Interior’s Actions Created a Chilling Effect on Investment
Along with illegally cancelling the lease sales, DOI’s actions may have pressured leaseholders into voluntarily relinquishing their rights. Following President Biden’s executive order in January 2021 instituting a moratorium on oil and gas leasing in the ANWR, DOI suspended leases and initiated a comprehensive environmental review. This indefinite “pause” in leasing created regulatory uncertainty, rendering the leases effectively unusable.
As a result, some companies, chose to cancel their leases and request refunds according to emails obtained by Americans for Prosperity Foundation (AFP Foundation) under the Freedom of Information Act. The Bureau of Land Management (BLM) stated it “has a well-established procedure to do this,” referencing the refund of the full bonus bid and first-year rentals, but only if lease holders relinquished their leases.

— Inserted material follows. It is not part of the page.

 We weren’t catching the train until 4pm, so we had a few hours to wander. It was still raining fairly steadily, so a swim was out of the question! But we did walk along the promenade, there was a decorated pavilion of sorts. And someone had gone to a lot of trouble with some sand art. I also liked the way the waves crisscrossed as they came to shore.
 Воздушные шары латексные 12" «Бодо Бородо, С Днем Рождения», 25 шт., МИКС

However, DOI did not identify the procedure or authority for a refund, and AFP Foundation could not identify any statutory or regulatory authority explicitly permitting such refunds. This raises the possibility that DOI used taxpayer funds to incentivize companies to surrender their leases, potentially as a backdoor strategy to unwind the ANWR leasing program without facing direct legal challenges.


Then Interior Proclaimed a “Lack of Interest” After Chilling Investment
DOI highlighted the supposed lack of industry interest in the most recent ANWR lease sale in January 2025:
“The lack of interest from oil companies in development in the Arctic National Wildlife Refuge reflects what we and they have known all along – there are some places too special and sacred to put at risk with oil and gas drilling. This proposal was misguided in 2017, and it’s misguided now,” said Acting Deputy Secretary Laura Daniel-Davis.“The BLM has followed the law and held two lease sales that have exposed the false promises made in the Tax Act.”

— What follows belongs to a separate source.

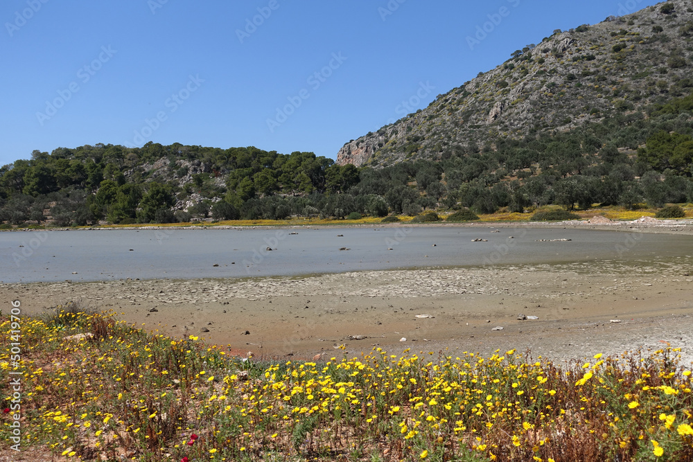 Paradise bay and small port with turquoise beach of Aponisos in island of Agistri, Saronic Gulf, Greece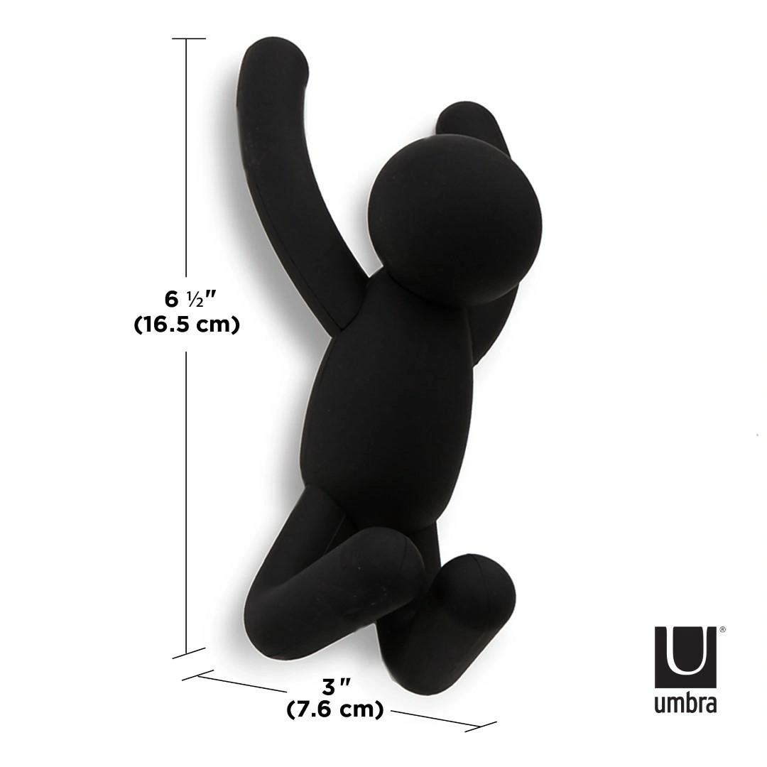UMBRA haczyk ścienny BUDDY koloru czarnego. Jest to zestaw trzech haczyków ściennych, przedstawiających postać Buddy`ego. Jeżeli nie są używane, mogą służyć jako świetna dekoracja, która z pewnością przykuje uwagę Twoich znajomych oraz rodziny. Świetnie nadadzą się do przedpokoju, ale też pokoju dla dzieci i młodzieży, zastępując tradycyjny wieszak. Spokojnie powiesimy na nim, torbę, plecak, czapkę etc. Pomogą nam utrzymać porządek i dodają jednocześnie zabawny akcent. Stylowy i solidny haczyk w wielu wariantach kolorystycznych. Wymiary: wys. 18 cm / szer. 7 cm / gł. 8 cm Waga netto: 0,4 kg.

However, this absence of participation appears to be a direct consequence of DOI and the Biden Administration’s own policies that have created an uncertain regulatory environment. The indefinite suspension of leases and duplicative environmental reviews have introduced significant uncertainty, deterring companies from investing in ANWR. And the notion that BLM “followed the law” was laughable at the time and just discredited in federal court.
The Biden Administration Illegally Cancelled the ANWR Lease Sale Because It Wanted To
The Biden Administration’s cancellation of the ANWR lease sale is a classic case of an out-of-control administrative state brute forcing its preferred policy outcome in open defiance of a bill passed by Congress and signed by the President. Although a federal court eventually corrected the problem, it did nothing to reduce the incentive for this to happen again. For a more permanent fix, policy makers need to rein in broadly worded statutes, like the National Environmental Policy Act, that agencies routinely rely on to abuse their authority.